Mark my words: Election fallout

"It’s not, as they say, over until the fat lady sings. But I think most people can now hear her clearing her throat."

PopCon Director, Mark Littlewood, provides his analysis of May 1st elections.

 

What to make of the message sent to the political classes by voters on May 1st? 

From a Conservative Party perspective, I am reminded of a comedy skit featuring Peter Cook and Dudley Moore. Cook assumes the role of the aristocratic and rather unhinged owner of the Frog and Peach restaurant and Moore of his interviewer. Moore suggests that the financial record of the restaurant suggests the enterprise has been a disaster. Cook firmly rejects this assertion saying that “disaster” is not the right word at all. Instead, he insists, it would be much more apt to describe it as a “catastrophe”.

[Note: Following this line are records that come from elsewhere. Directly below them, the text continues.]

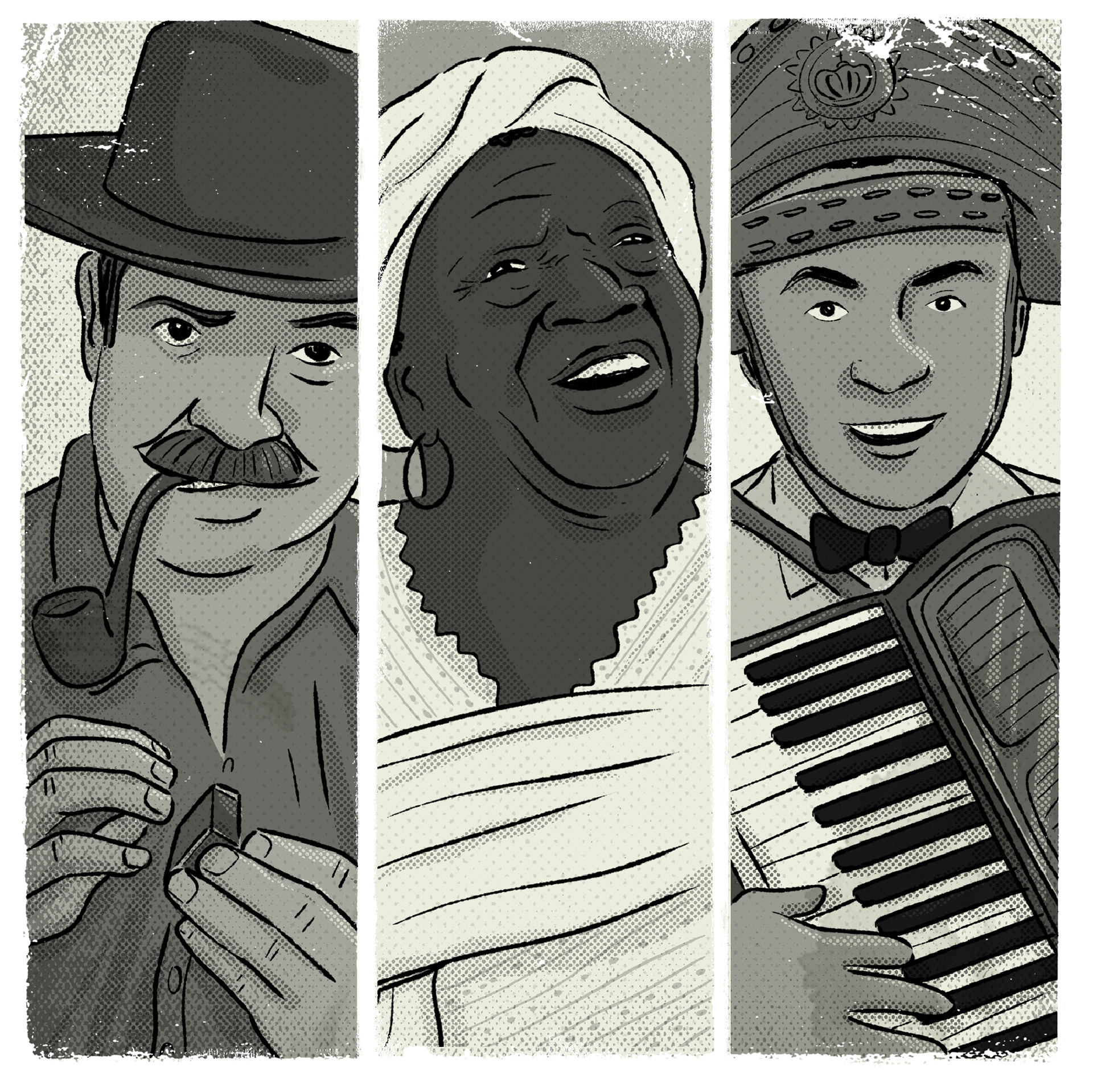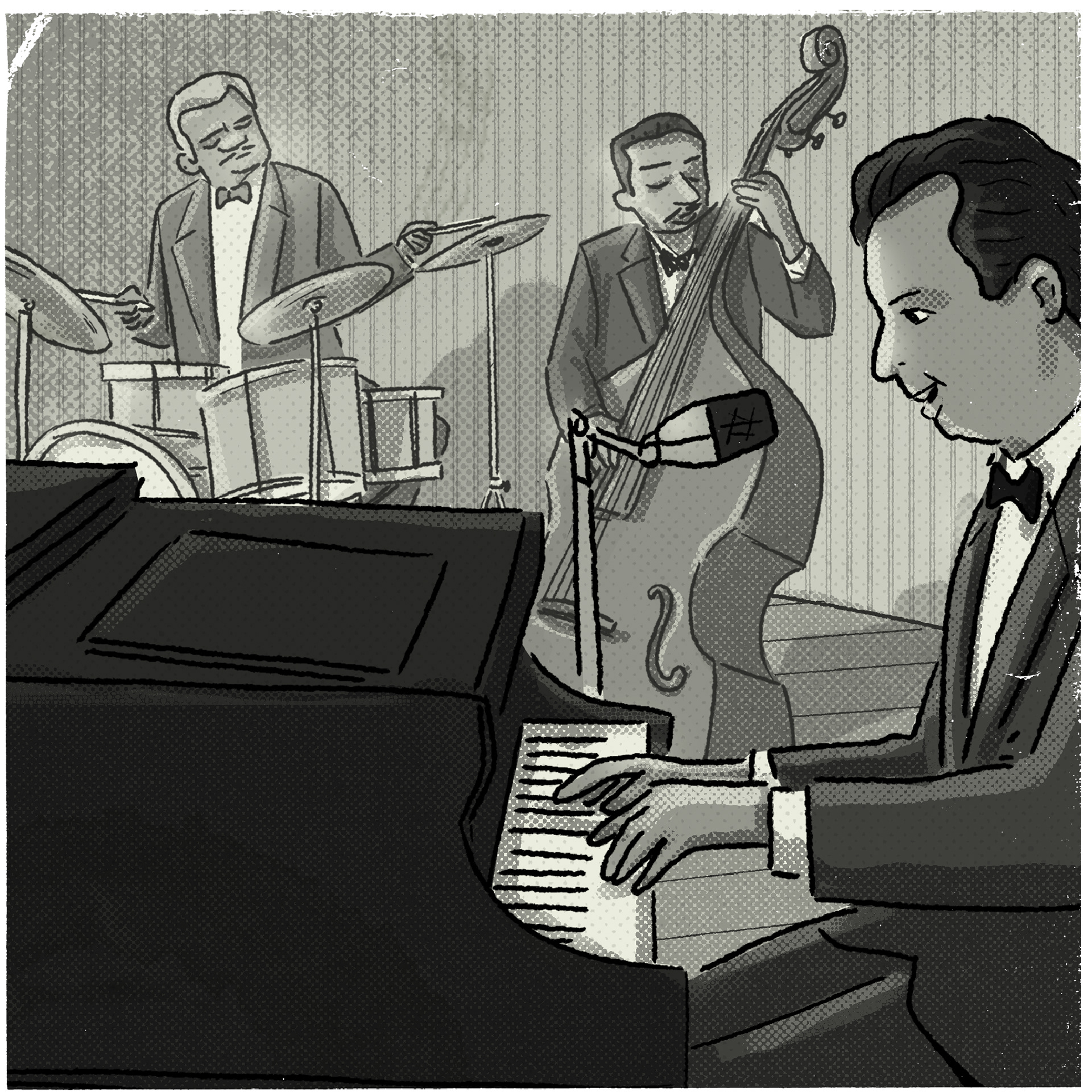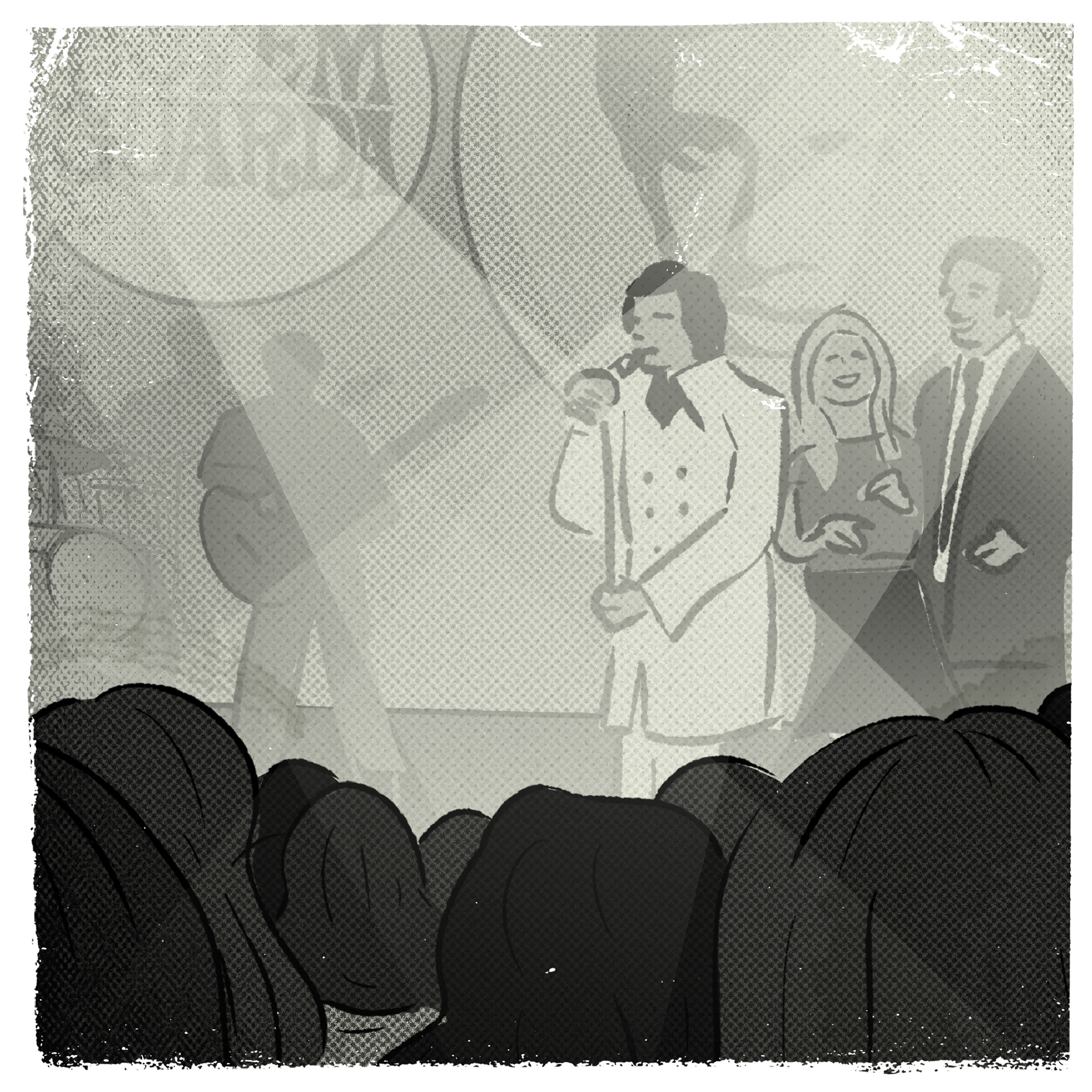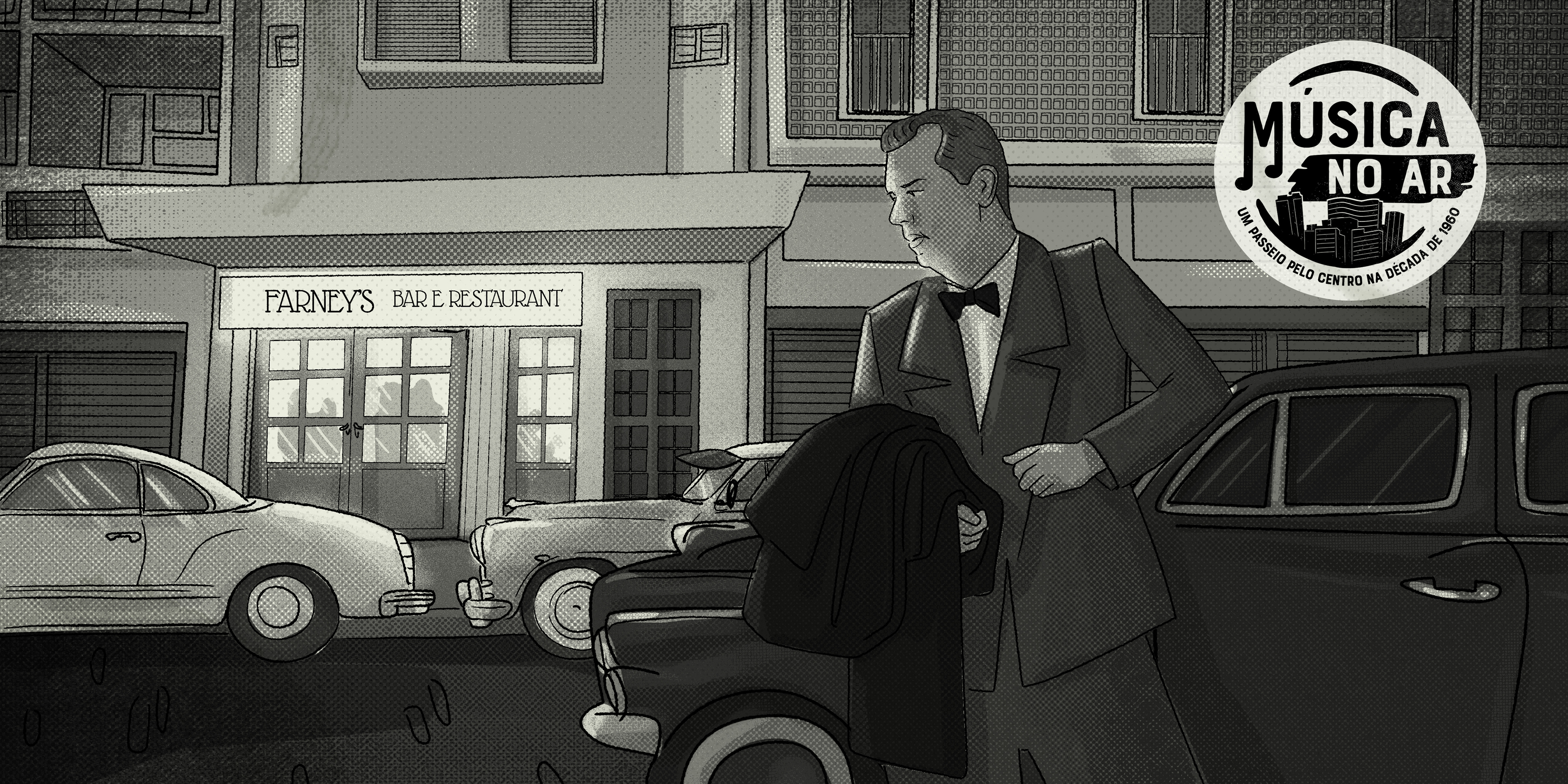 Música no ar - Um passeio pelo Centro na década de 1960. Projeto desenvolvido para o Sesc 24 de Maio, em São Paulo, ilustrando os textos do músico, pesquisador e jornalista Fernando Barros.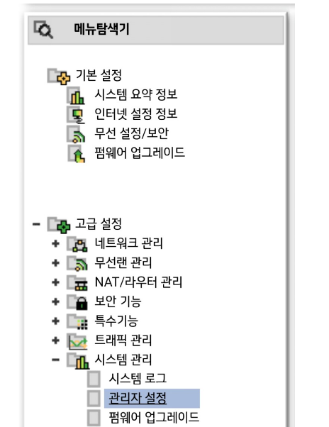 아까 암호를 설정할 때는 기본 설정의 무선 설정/보안 탭에 들어갔는데, 이번에는 메뉴 탐색기의 고급 설정 - 시스템 관리 - 관리자 설정에 들어갑니다.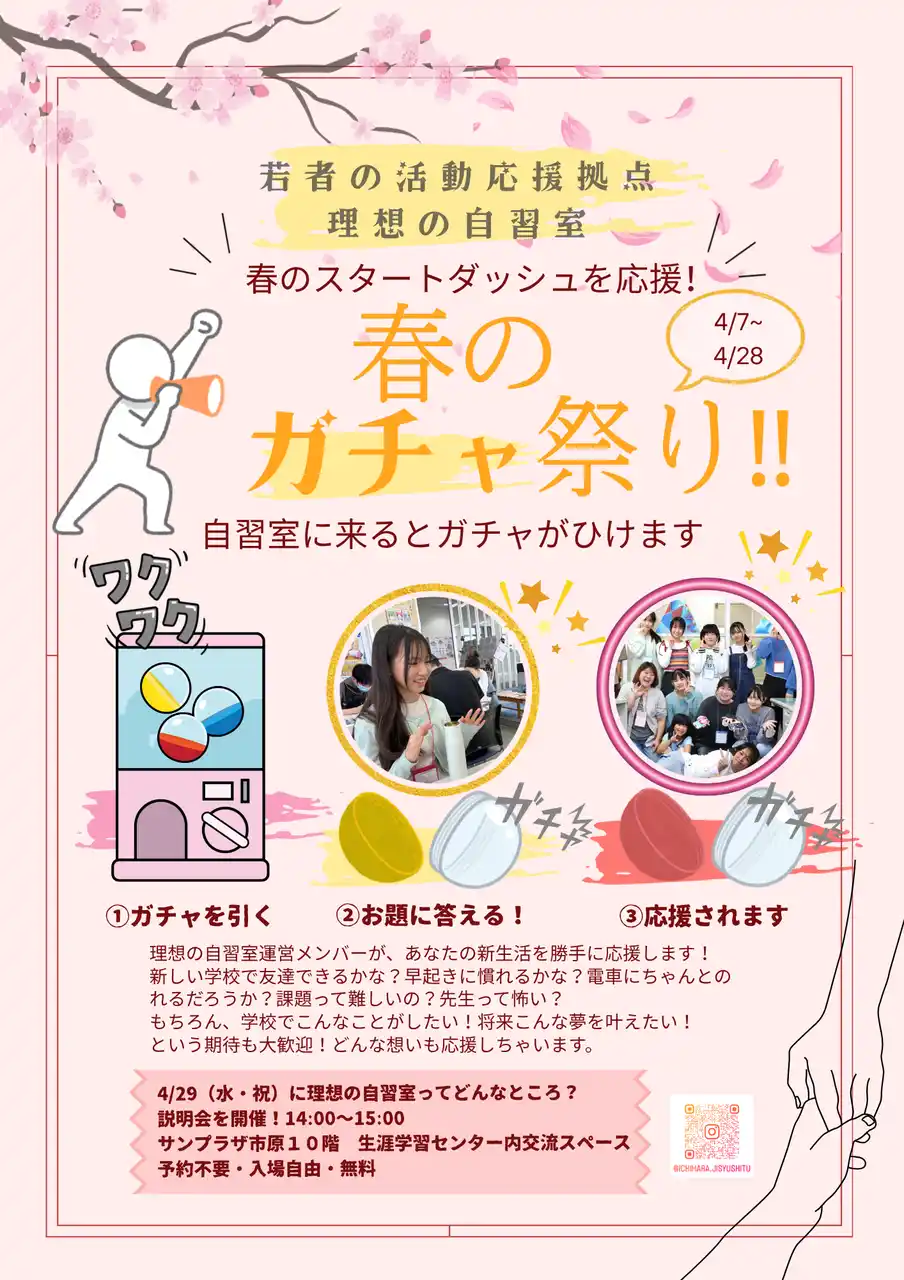 2026年春、理想の自習室がもっと利用しやすくなります!4月限定イベント「春のガチャ祭り」も開催中。皆様のご利用をお待ちしております。 |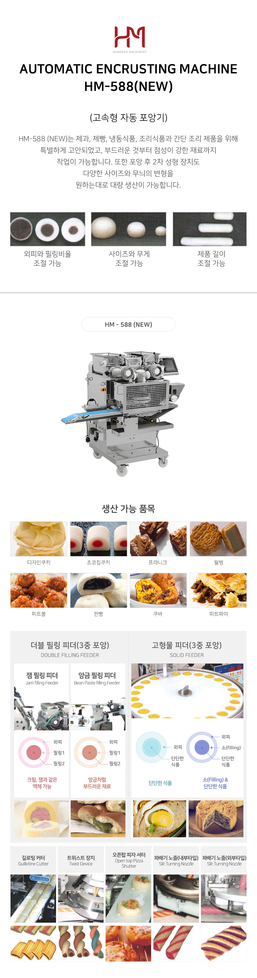 1992년에 설립된 HUNDRED MACHINERY사는 제과, 제빵을 위한 베이커리 기계 제작 뿐만 아니라 중, 대형공장용 자동화 라인을 생산하고 있습니다.시팅(Sheeting), 컷팅(Cutting), 필링(Filling), 폴딩(Folding), 포밍(Forming)과 성형(Mounding)등전 과정을 포함하고 있으며, 일본의 Sheon사와 같은 우수한 포앙 기술을 보유하고 있습니다.베이커리 장비의 개발솨 생산을 더불어 고객이 원하는 제품 개발과 공장 설립을 위한 노하우와전문 엔지니어링 서비스를 제공하고 있습니다.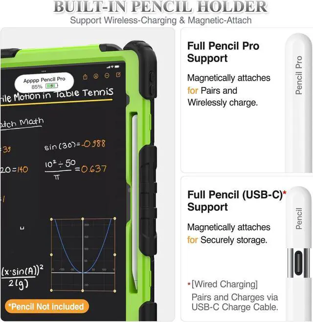 Versatility Stand & Pencil Holder: With 360deg rotating adjustable kickstand stable at multi-angles, case for iPad Air 13 inch M3 M2 for viewing, typing or movie watching; With pencil holder easy storage for note-taking, case for iPad 13 Air case suited for classes/meetings, works or play with-kid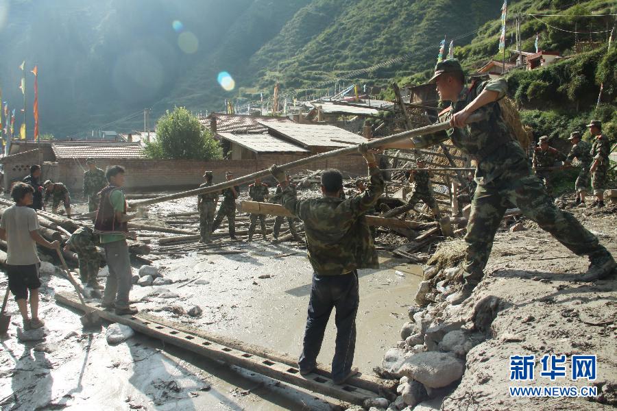 [提要] 8月15日,武警甘肅省森林總隊迭部大隊官兵在山洪災(zāi)區(qū)與當(dāng)?shù)卮迕褚黄鸢徇\木材。8月13日晚,甘肅省甘南藏族自治州迭部縣卡壩鄉(xiāng)突降暴雨,導(dǎo)致該縣尼欠村交通、通訊、電力中斷、民房、農(nóng)田基礎(chǔ)設(shè)施等受災(zāi)損失嚴(yán)重。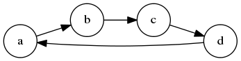 Pozrime sa, ako by vyzerala optimálna streľba. Keďže všetky vrcholy na kružnici sú rovnocenné a niekto musí začať strieľať, tak nech začne bandita $$c$$ výstrelom na $$d$$. Teraz ale bandita $$b$$, ktorý naňho mieril, nemá stlačením spúšte čo pokaziť a tak vystrelí. Teraz však môže bez problémov vystreliť bandita $$a$$. Ten už si môže vydýchnuť, lebo naňho mieriaci $$d$$ už bol zastrelený, $$a$$ teda prežije. Lepšie takýto graf už nevieme vyriešiť, lebo aspoň jeden bandita nám musí zostať nažive. Ľahko vidieť, že tento postup môžeme použiť aj na väčšie kružnice, ako aj najmenší možný prípad (dvaja na seba mieriaci banditi).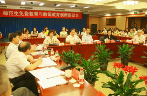 由教育部、光明日报、北京师范大学联合召开的师范生免费教育与教师教育创新座谈会今天(6月19日)在北京举行。教育部部长袁贵仁出席座谈会并讲话,教育部副部长陈小娅主持。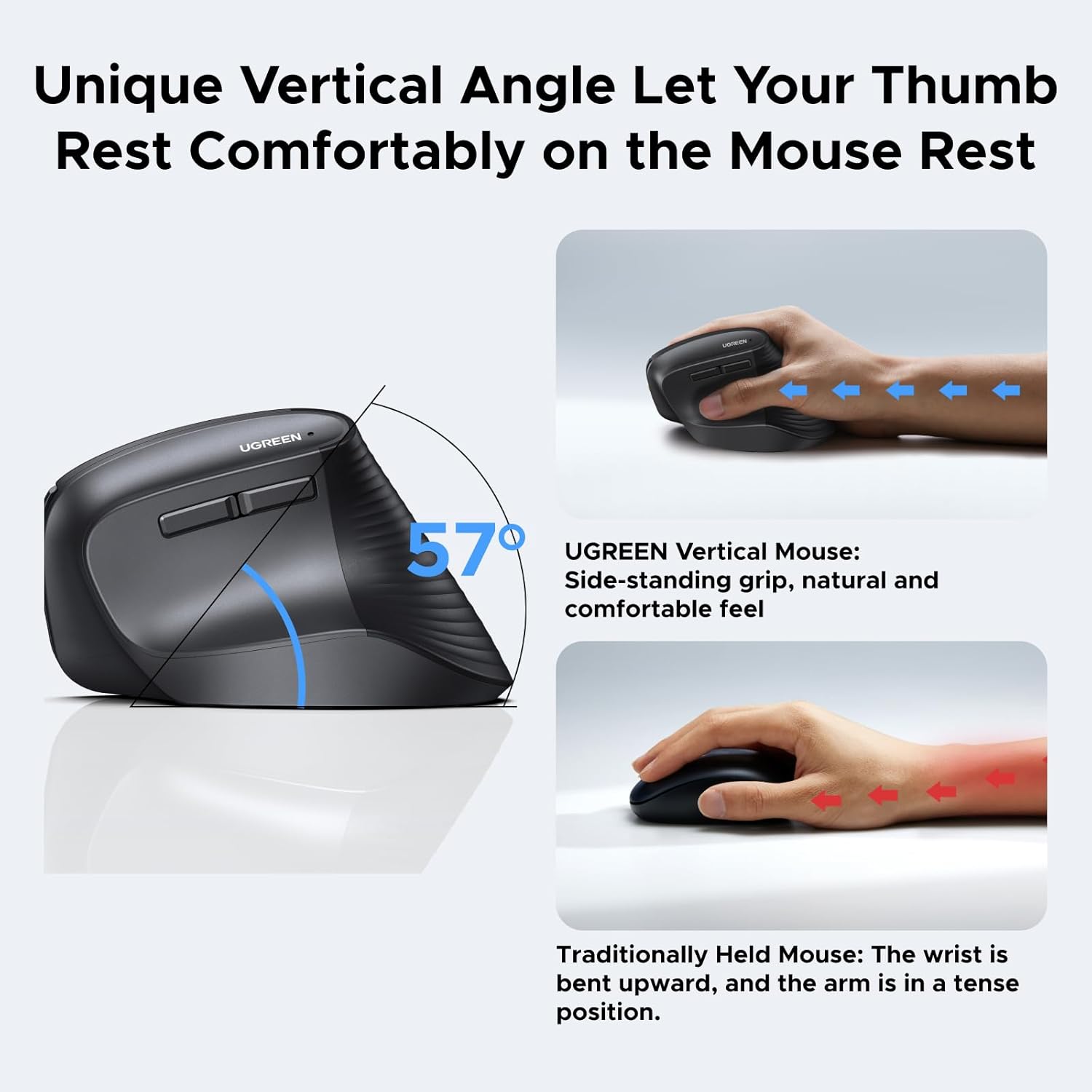 UGREEN Wireless Vertical Mouse Bluetooth Dual-Mode 4 DPI Shop Now

For Tories, it is impossible to pretend that the vote last week was anything other than appalling. Two thirds of seats being defended were lost and the Conservatives failed to retain control of a single council. Paul Bristow did manage to claim the Cambridgeshire mayoralty from Labour, but everywhere else the picture was between bleak and apocalyptic.

According to Sir John Curtice, had last week’s voting patterns been mapped onto a nationwide General Election, the Conservative Party would have come fourth in vote share – with a risible 15% - and secured just twelve seats in the House of Commons. That would not be a disappointing or mixed set of results, it would count as an extinction level event.

Of course, Labour also took an absolute shellacking. Clinging on to a couple of mayoralties by their fingertips, they nearly contrived to come 5th in council seats behind the Greens. Labour and the Tories account for more than 80% of MPs – had a General Election taken place on Thursday, the two parties would have secured barely a third of the total vote between them.

The spectacular rise of Reform is the electoral phenomenon of these times and, so far, the Conservatives have not found a way to deal with it.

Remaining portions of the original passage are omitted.